• [ABOUT THIS EXERCISE] Copy the records word for word, omitting all pictures.

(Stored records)
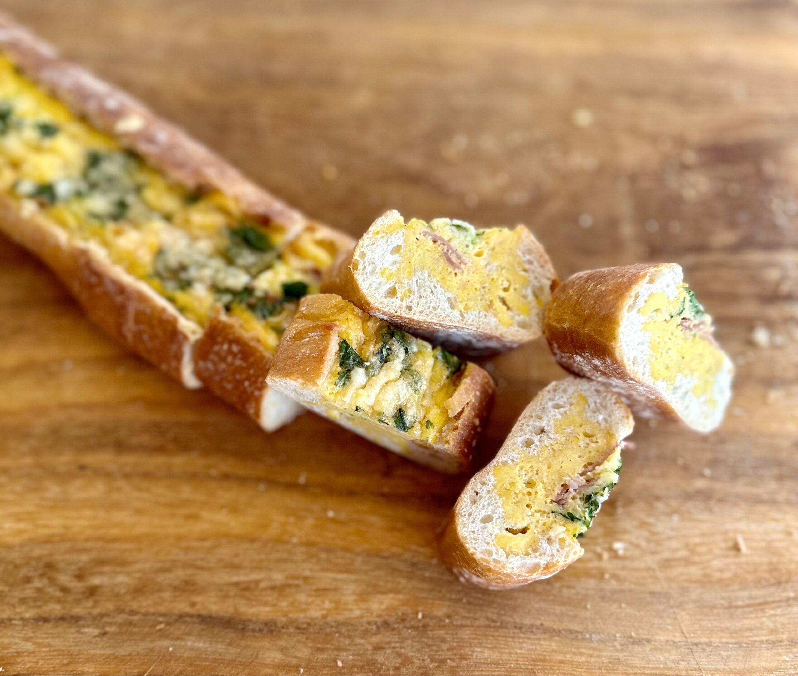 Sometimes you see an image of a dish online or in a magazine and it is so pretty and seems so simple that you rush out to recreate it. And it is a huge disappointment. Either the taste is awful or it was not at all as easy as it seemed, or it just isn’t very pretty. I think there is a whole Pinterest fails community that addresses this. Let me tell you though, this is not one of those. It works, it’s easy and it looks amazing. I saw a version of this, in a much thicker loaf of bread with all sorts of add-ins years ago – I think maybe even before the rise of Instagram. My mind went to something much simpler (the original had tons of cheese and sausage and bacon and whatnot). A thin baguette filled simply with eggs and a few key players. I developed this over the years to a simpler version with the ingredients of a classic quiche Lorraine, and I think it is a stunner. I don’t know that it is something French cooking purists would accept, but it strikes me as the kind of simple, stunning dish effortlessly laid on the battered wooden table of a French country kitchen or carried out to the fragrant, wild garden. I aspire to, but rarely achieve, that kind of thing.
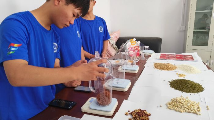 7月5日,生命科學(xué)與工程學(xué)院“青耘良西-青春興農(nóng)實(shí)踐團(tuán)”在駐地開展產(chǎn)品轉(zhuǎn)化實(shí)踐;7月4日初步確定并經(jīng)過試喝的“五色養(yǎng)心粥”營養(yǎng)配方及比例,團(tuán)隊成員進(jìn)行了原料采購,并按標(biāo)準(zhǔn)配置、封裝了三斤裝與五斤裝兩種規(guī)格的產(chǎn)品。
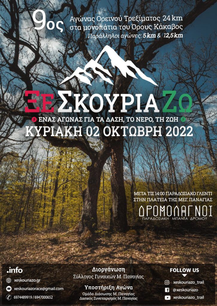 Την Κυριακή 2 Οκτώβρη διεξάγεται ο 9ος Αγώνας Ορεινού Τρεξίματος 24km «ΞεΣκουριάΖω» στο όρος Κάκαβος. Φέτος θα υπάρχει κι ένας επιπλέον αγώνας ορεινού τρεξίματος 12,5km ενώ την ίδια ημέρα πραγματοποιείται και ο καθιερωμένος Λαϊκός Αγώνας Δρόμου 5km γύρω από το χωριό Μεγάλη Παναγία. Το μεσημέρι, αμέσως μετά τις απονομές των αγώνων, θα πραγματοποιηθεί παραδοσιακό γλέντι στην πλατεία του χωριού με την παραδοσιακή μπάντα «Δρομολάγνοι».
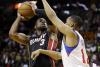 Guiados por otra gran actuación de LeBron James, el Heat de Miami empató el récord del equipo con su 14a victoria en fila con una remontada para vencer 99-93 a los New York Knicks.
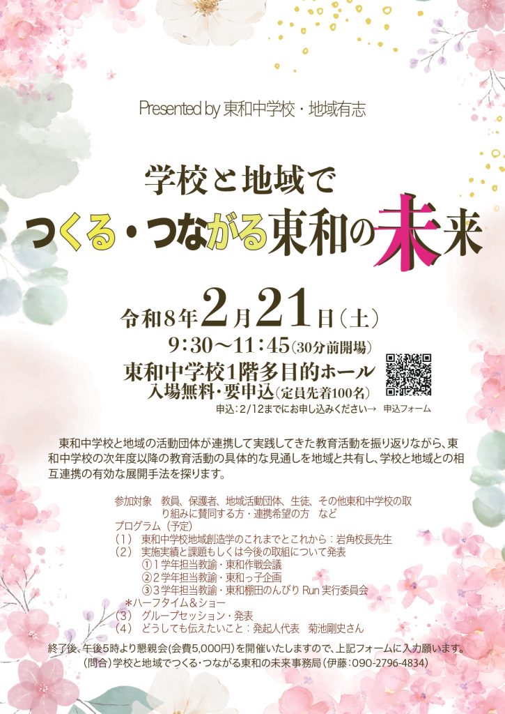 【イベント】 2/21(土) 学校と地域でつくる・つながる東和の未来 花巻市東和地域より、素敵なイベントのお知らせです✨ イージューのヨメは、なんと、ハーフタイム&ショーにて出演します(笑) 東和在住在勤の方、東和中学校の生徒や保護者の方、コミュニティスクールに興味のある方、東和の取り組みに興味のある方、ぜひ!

• [WRITTEN ANSWER]
 Sometimes you see an image of a dish online or in a magazine and it is so pretty and seems so simple that you rush out to recreate it. And it is a huge disappointment. Either the taste is awful or it was not at all as easy as it seemed, or it just isn’t very pretty. I think there is a whole Pinterest fails community that addresses this. Let me tell you though, this is not one of those. It works, it’s easy and it looks amazing. I saw a version of this, in a much thicker loaf of bread with all sorts of add-ins years ago – I think maybe even before the rise of Instagram. My mind went to something much simpler (the original had tons of cheese and sausage and bacon and whatnot). A thin baguette filled simply with eggs and a few key players. I developed this over the years to a simpler version with the ingredients of a classic quiche Lorraine, and I think it is a stunner. I don’t know that it is something French cooking purists would accept, but it strikes me as the kind of simple, stunning dish effortlessly laid on the battered wooden table of a French country kitchen or carried out to the fragrant, wild garden. I aspire to, but rarely achieve, that kind of thing.
 7月5日,生命科學(xué)與工程學(xué)院“青耘良西-青春興農(nóng)實(shí)踐團(tuán)”在駐地開展產(chǎn)品轉(zhuǎn)化實(shí)踐;7月4日初步確定并經(jīng)過試喝的“五色養(yǎng)心粥”營養(yǎng)配方及比例,團(tuán)隊成員進(jìn)行了原料采購,并按標(biāo)準(zhǔn)配置、封裝了三斤裝與五斤裝兩種規(guī)格的產(chǎn)品。
 Την Κυριακή 2 Οκτώβρη διεξάγεται ο 9ος Αγώνας Ορεινού Τρεξίματος 24km «ΞεΣκουριάΖω» στο όρος Κάκαβος. Φέτος θα υπάρχει κι ένας επιπλέον αγώνας ορεινού τρεξίματος 12,5km ενώ την ίδια ημέρα πραγματοποιείται και ο καθιερωμένος Λαϊκός Αγώνας Δρόμου 5km γύρω από το χωριό Μεγάλη Παναγία. Το μεσημέρι, αμέσως μετά τις απονομές των αγώνων, θα πραγματοποιηθεί παραδοσιακό γλέντι στην πλατεία του χωριού με την παραδοσιακή μπάντα «Δρομολάγνοι».
 Guiados por otra gran actuación de LeBron James, el Heat de Miami empató el récord del equipo con su 14a victoria en fila con una remontada para vencer 99-93 a los New York Knicks.
 【イベント】 2/21(土) 学校と地域でつくる・つながる東和の未来 花巻市東和地域より、素敵なイベントのお知らせです✨ イージューのヨメは、なんと、ハーフタイム&ショーにて出演します(笑) 東和在住在勤の方、東和中学校の生徒や保護者の方、コミュニティスクールに興味のある方、東和の取り組みに興味のある方、ぜひ!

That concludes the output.